Exercise brief: Starting at the first line of the listing below, repeat each line up to and including the one containing "Працює від 4". Leave out pictures.

The data:
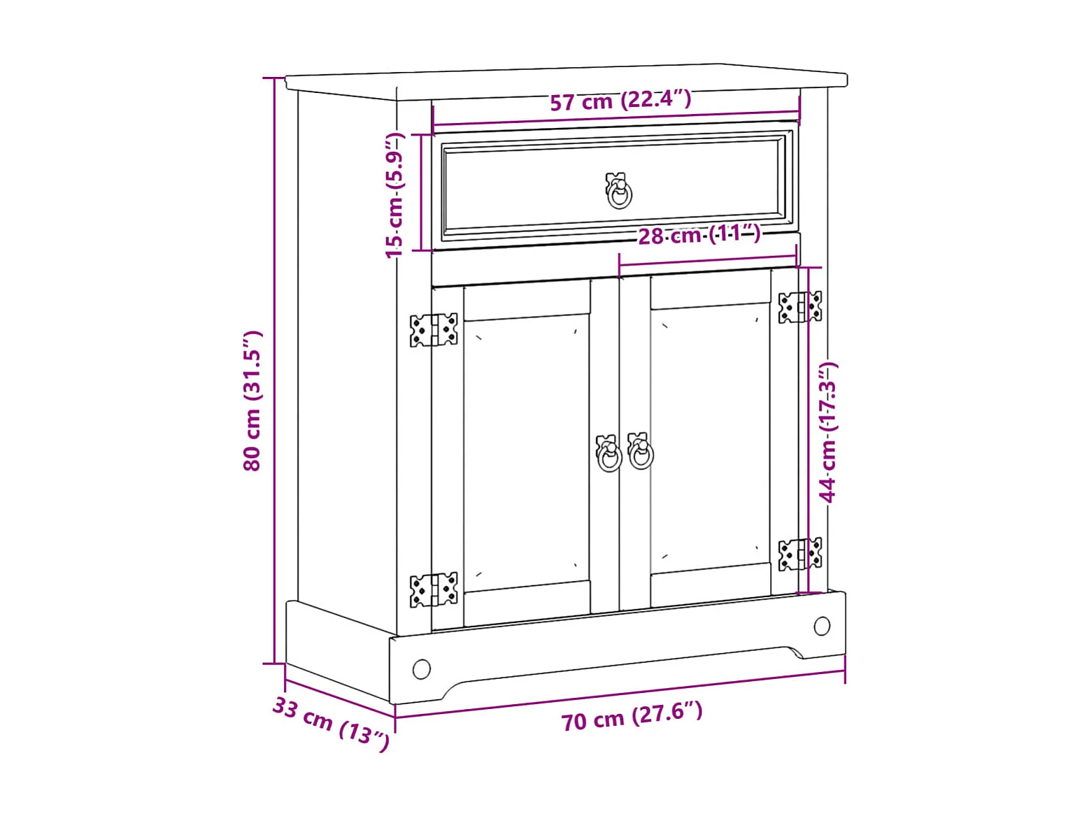 Armario de baño Corona madera maciza de pino 70x33x80 cm
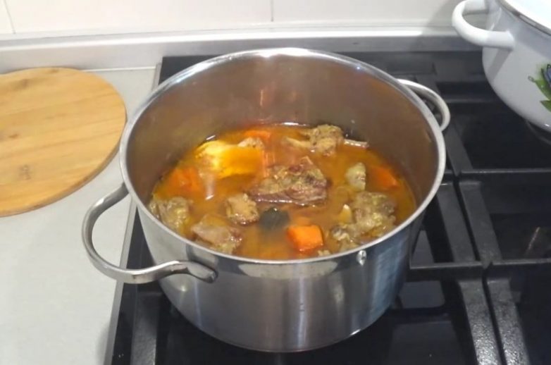 В конце добавляем в кастрюлю бульон, накрываем всё крышкой и доводим до кипения на большом огне. После чего убавляем огонь до минимального и оставляем ребрышки тушиться в течение 2–2,5 часов.
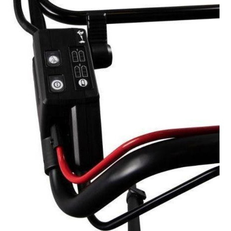 Працює від 4 акумуляторів. 8-позиційне регулювання висоти скошування.
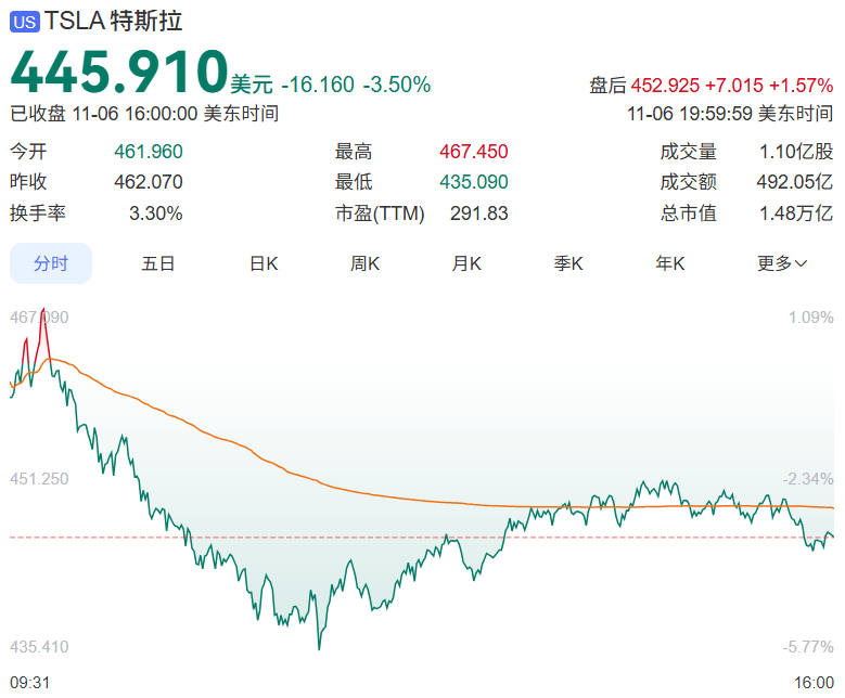 美东时间11月6日, 特斯拉召开年度股东大会,特斯拉股东批准马斯克的1万亿美元薪酬计划,超过75%的股东 批准,支持他将公司转变为人工智能和机器人巨头的愿景。 | 445.910美元 -16.160 -3.50% | | | | | 盘后 452.925 +7.015 +1.57% | | | | --- | --- | --- | --- | --- | --- | --- | --- | | 已收盘 11-06 16:00:00 美东时间 | | | | | 11-06 19:59:59 美东时间 | | | | 今开 | 461.960 | | 最高 | 467.450 | | 成交量 | 1.10亿股 | | 昨收 | 462.070 | | 最低 | 435.090 | | 成交额 | 492.05亿 | | 换手率 | 3.30% | | 市盈(TTM) | 291.83 | | 总市值 | 1.48万亿 | | 分时 | 五日 | 日K | 周K | 月K | 季K | 年K | 更多v | | 467 090 | | | | | | | 1.09% | 根据协议,特斯拉董事会向马斯克授予最多4 ...

Result for this exercise:
 Armario de baño Corona madera maciza de pino 70x33x80 cm
 В конце добавляем в кастрюлю бульон, накрываем всё крышкой и доводим до кипения на большом огне. После чего убавляем огонь до минимального и оставляем ребрышки тушиться в течение 2–2,5 часов.
 Працює від 4 акумуляторів. 8-позиційне регулювання висоти скошування.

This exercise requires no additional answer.